## TASK INPUT
┌────────
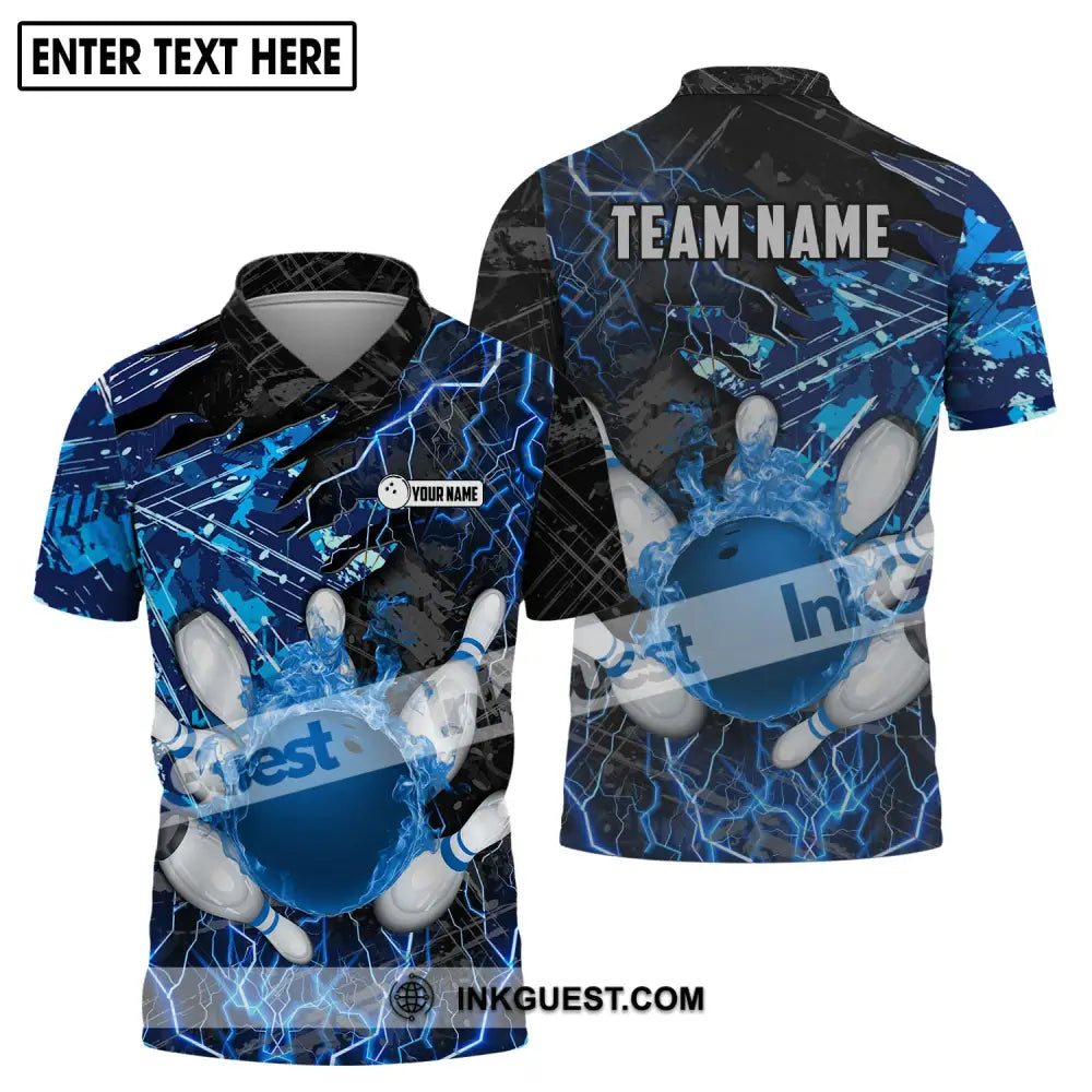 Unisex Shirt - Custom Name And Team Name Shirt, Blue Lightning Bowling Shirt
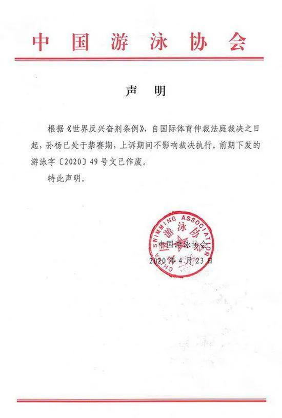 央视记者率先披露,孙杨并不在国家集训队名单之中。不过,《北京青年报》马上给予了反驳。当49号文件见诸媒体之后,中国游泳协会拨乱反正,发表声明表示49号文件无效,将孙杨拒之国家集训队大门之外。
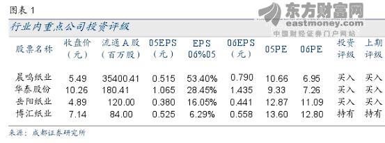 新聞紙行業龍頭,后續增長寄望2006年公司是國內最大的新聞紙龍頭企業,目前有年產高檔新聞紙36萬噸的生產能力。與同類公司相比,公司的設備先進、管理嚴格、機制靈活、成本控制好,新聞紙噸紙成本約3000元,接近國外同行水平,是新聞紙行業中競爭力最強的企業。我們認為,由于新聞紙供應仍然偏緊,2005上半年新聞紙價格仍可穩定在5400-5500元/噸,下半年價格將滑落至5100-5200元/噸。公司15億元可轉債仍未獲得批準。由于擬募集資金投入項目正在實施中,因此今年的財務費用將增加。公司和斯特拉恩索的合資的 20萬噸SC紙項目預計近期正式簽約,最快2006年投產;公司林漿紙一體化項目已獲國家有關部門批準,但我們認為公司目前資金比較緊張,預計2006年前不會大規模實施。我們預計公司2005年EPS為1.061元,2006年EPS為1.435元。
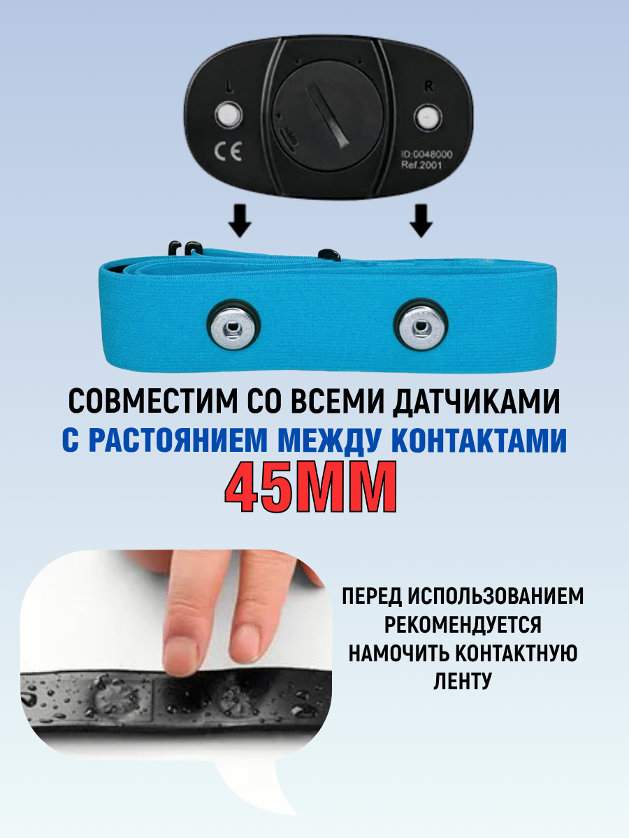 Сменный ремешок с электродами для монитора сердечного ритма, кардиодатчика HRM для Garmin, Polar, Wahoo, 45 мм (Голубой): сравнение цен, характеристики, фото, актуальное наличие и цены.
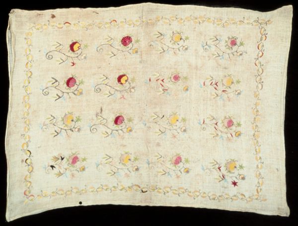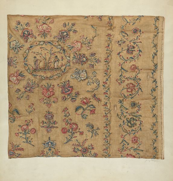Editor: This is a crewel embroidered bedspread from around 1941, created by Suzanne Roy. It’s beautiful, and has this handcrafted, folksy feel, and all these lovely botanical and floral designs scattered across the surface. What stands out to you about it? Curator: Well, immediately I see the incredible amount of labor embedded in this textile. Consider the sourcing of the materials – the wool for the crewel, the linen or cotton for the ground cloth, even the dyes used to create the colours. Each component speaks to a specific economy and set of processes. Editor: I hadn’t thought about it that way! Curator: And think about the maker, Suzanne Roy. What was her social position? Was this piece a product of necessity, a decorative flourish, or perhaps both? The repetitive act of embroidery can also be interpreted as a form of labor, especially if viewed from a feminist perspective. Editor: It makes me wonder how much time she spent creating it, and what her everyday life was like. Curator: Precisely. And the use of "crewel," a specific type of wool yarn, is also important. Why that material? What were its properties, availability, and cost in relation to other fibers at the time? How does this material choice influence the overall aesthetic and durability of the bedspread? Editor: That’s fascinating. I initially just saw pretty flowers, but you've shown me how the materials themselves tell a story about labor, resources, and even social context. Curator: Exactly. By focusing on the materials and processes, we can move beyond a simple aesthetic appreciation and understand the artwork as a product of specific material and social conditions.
└────────
## WORK INSTRUCTION
Reproduce the data above exactly, but only from the line containing "央视记者率先披露,孙杨并不在" through the line containing "Сменный ремешок с". Omit all pictures.

## WRITTEN RESPONSE
 央视记者率先披露,孙杨并不在国家集训队名单之中。不过,《北京青年报》马上给予了反驳。当49号文件见诸媒体之后,中国游泳协会拨乱反正,发表声明表示49号文件无效,将孙杨拒之国家集训队大门之外。
 新聞紙行業龍頭,后續增長寄望2006年公司是國內最大的新聞紙龍頭企業,目前有年產高檔新聞紙36萬噸的生產能力。與同類公司相比,公司的設備先進、管理嚴格、機制靈活、成本控制好,新聞紙噸紙成本約3000元,接近國外同行水平,是新聞紙行業中競爭力最強的企業。我們認為,由于新聞紙供應仍然偏緊,2005上半年新聞紙價格仍可穩定在5400-5500元/噸,下半年價格將滑落至5100-5200元/噸。公司15億元可轉債仍未獲得批準。由于擬募集資金投入項目正在實施中,因此今年的財務費用將增加。公司和斯特拉恩索的合資的 20萬噸SC紙項目預計近期正式簽約,最快2006年投產;公司林漿紙一體化項目已獲國家有關部門批準,但我們認為公司目前資金比較緊張,預計2006年前不會大規模實施。我們預計公司2005年EPS為1.061元,2006年EPS為1.435元。
 Сменный ремешок с электродами для монитора сердечного ритма, кардиодатчика HRM для Garmin, Polar, Wahoo, 45 мм (Голубой): сравнение цен, характеристики, фото, актуальное наличие и цены.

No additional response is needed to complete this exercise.